MATERIAL TO PROCESS Start Marker
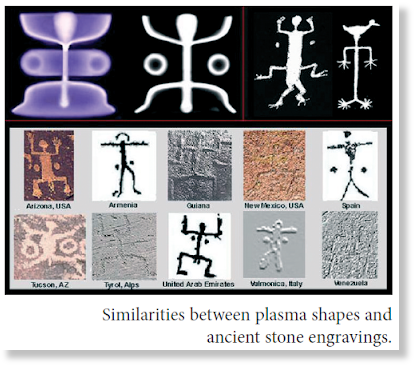 A discovery that the basic petroglyph morphologies are the same as those recorded in extremely high-energy-density discharges has opened up a means to unravel the origin of these apparently crude, misdrawn, and jumbled figures found in uncounted numbers around the earth. Drawn in heteromac style, these ancient patterns could mimic and replicate high-energy phenomena that would be recorded on a nonerasable plasma display screen. Many petroglyphs, apparently recorded several millennia ago, have a plasma discharge or instability counterpart, some on a one-to-one or overlay basis. More striking is that the images recorded on rock are the only images found in extreme energy density experiments; no other morphology types or patterns are observed.” (Peratt (2003), Characteristics for the Occurrence of a High-Current, Z-Pinch aurora) as Recorded in Antiquity)
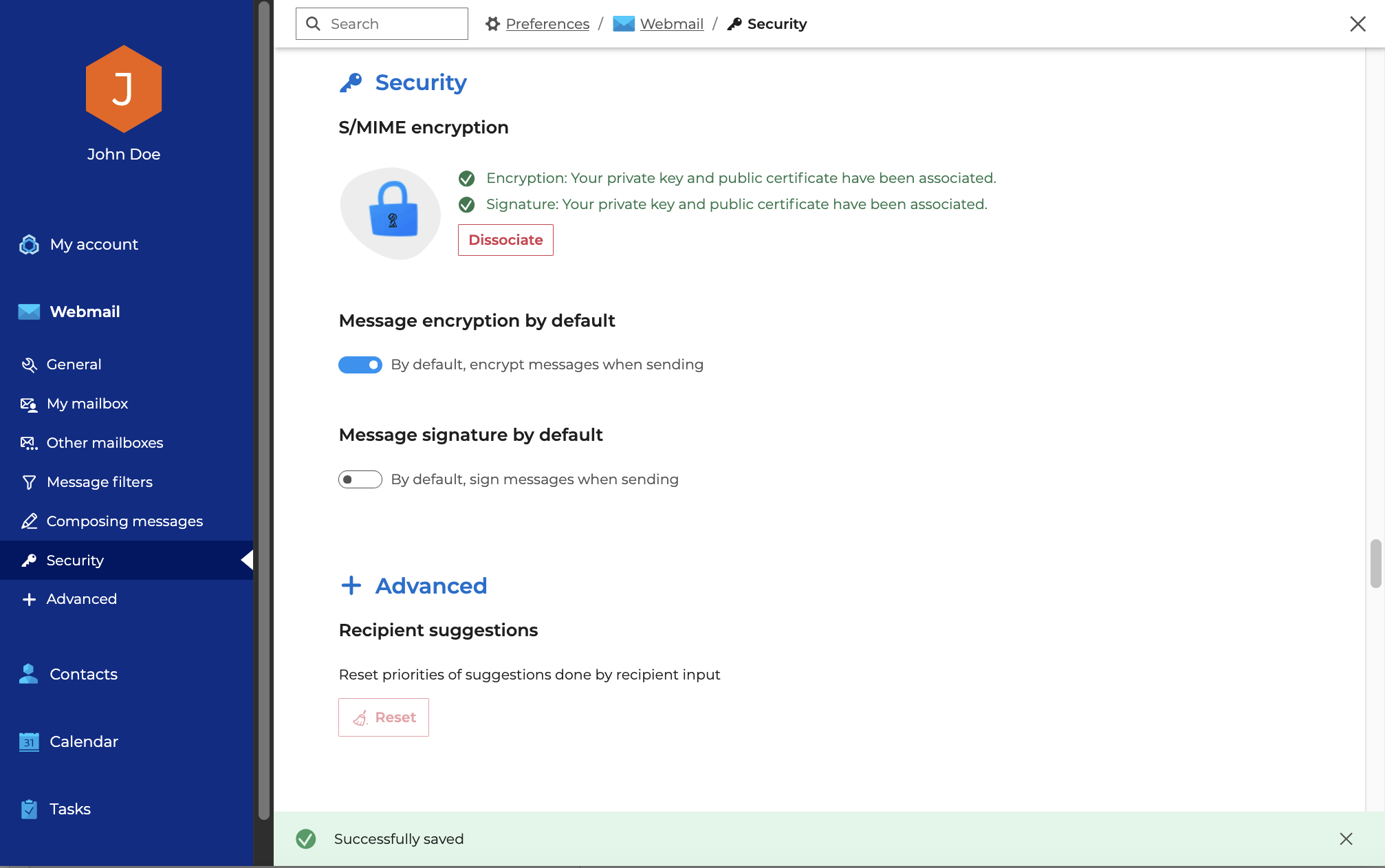 Um die Sicherheit des E-Mail-Austauschs zu erhöhen, ermöglicht BlueMind das Verschlüsseln von Nachrichten mit vertraulichem Inhalt und das Überprüfen der Identität von Absendern und Empfängern mit elektronischer Signatur.
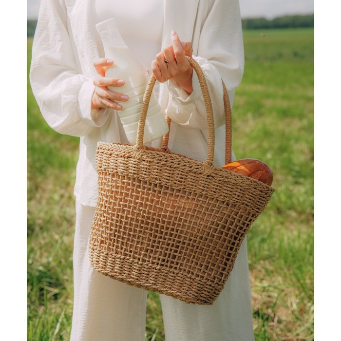 Сумка женская SL Home, ручное плетение, хлопок, длина ручек 18,5 см, 40×27 см
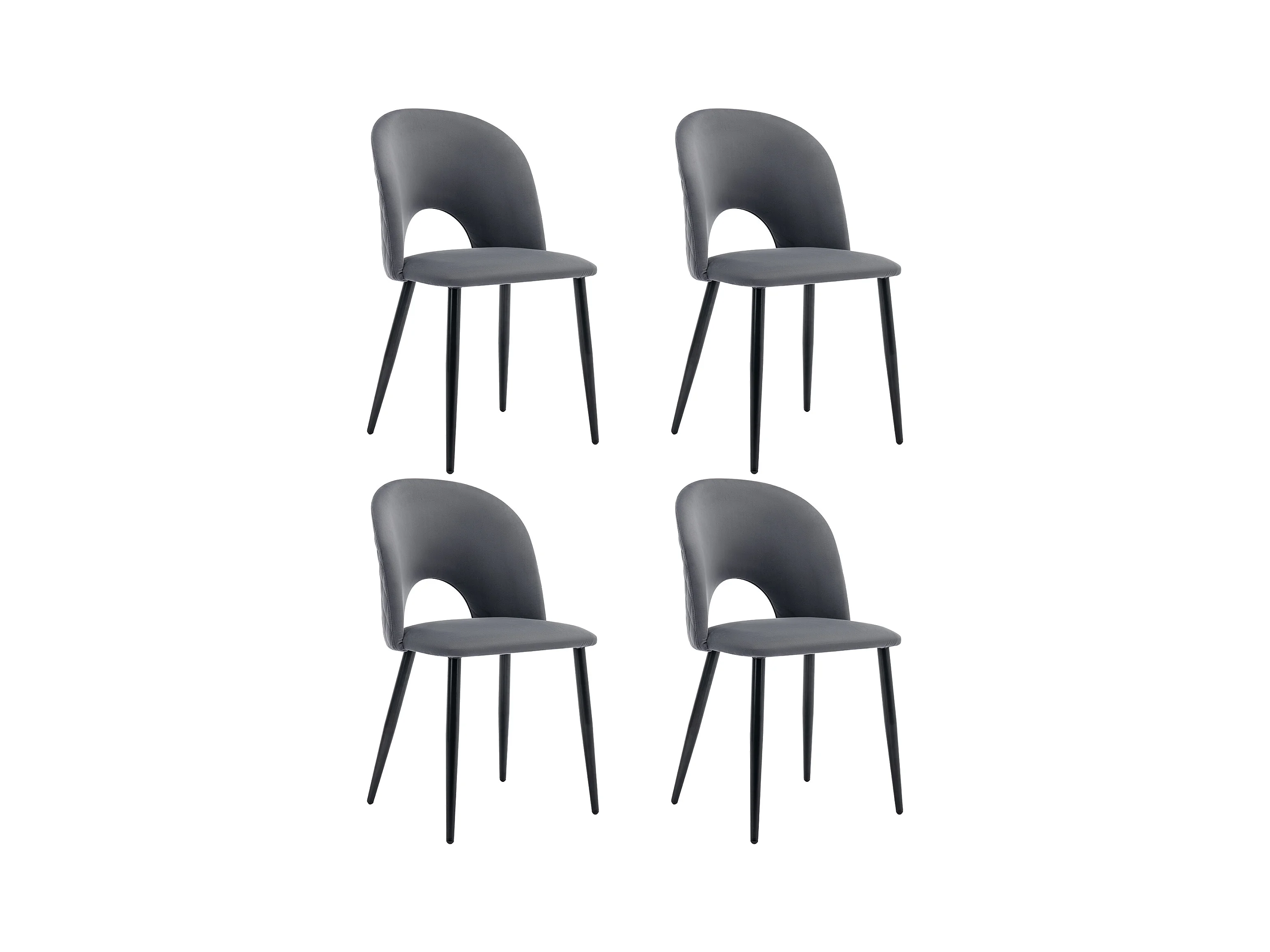 Juego de 4 sillas de terciopelo con patas de hierro negro - Gris
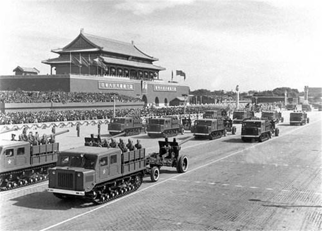 1957年國(guó)慶閱兵,中國(guó)自行生產(chǎn)的伊爾-28型噴氣式轟炸機(jī)、殲5型殲擊機(jī)首次受閱。受閱官兵共7064人,是新中國(guó)國(guó)慶閱兵受閱人數(shù)最少的一次。此外,國(guó)外來(lái)賓多也是這次閱兵的特別之處。應(yīng)邀來(lái)華訪問(wèn)的50多個(gè)國(guó)家的外賓、各國(guó)駐華使節(jié)和外交官員,以及在華外國(guó)專家等觀看了閱兵式。
MATERIAL TO PROCESS End Marker
## ABOUT THIS TASK
Leaving the pictures out, print every line of the listing exactly.

## PROBLEM SOLUTION
 A discovery that the basic petroglyph morphologies are the same as those recorded in extremely high-energy-density discharges has opened up a means to unravel the origin of these apparently crude, misdrawn, and jumbled figures found in uncounted numbers around the earth. Drawn in heteromac style, these ancient patterns could mimic and replicate high-energy phenomena that would be recorded on a nonerasable plasma display screen. Many petroglyphs, apparently recorded several millennia ago, have a plasma discharge or instability counterpart, some on a one-to-one or overlay basis. More striking is that the images recorded on rock are the only images found in extreme energy density experiments; no other morphology types or patterns are observed.” (Peratt (2003), Characteristics for the Occurrence of a High-Current, Z-Pinch aurora) as Recorded in Antiquity)
 Um die Sicherheit des E-Mail-Austauschs zu erhöhen, ermöglicht BlueMind das Verschlüsseln von Nachrichten mit vertraulichem Inhalt und das Überprüfen der Identität von Absendern und Empfängern mit elektronischer Signatur.
 Сумка женская SL Home, ручное плетение, хлопок, длина ручек 18,5 см, 40×27 см
 Juego de 4 sillas de terciopelo con patas de hierro negro - Gris
 1957年國(guó)慶閱兵,中國(guó)自行生產(chǎn)的伊爾-28型噴氣式轟炸機(jī)、殲5型殲擊機(jī)首次受閱。受閱官兵共7064人,是新中國(guó)國(guó)慶閱兵受閱人數(shù)最少的一次。此外,國(guó)外來(lái)賓多也是這次閱兵的特別之處。應(yīng)邀來(lái)華訪問(wèn)的50多個(gè)國(guó)家的外賓、各國(guó)駐華使節(jié)和外交官員,以及在華外國(guó)專家等觀看了閱兵式。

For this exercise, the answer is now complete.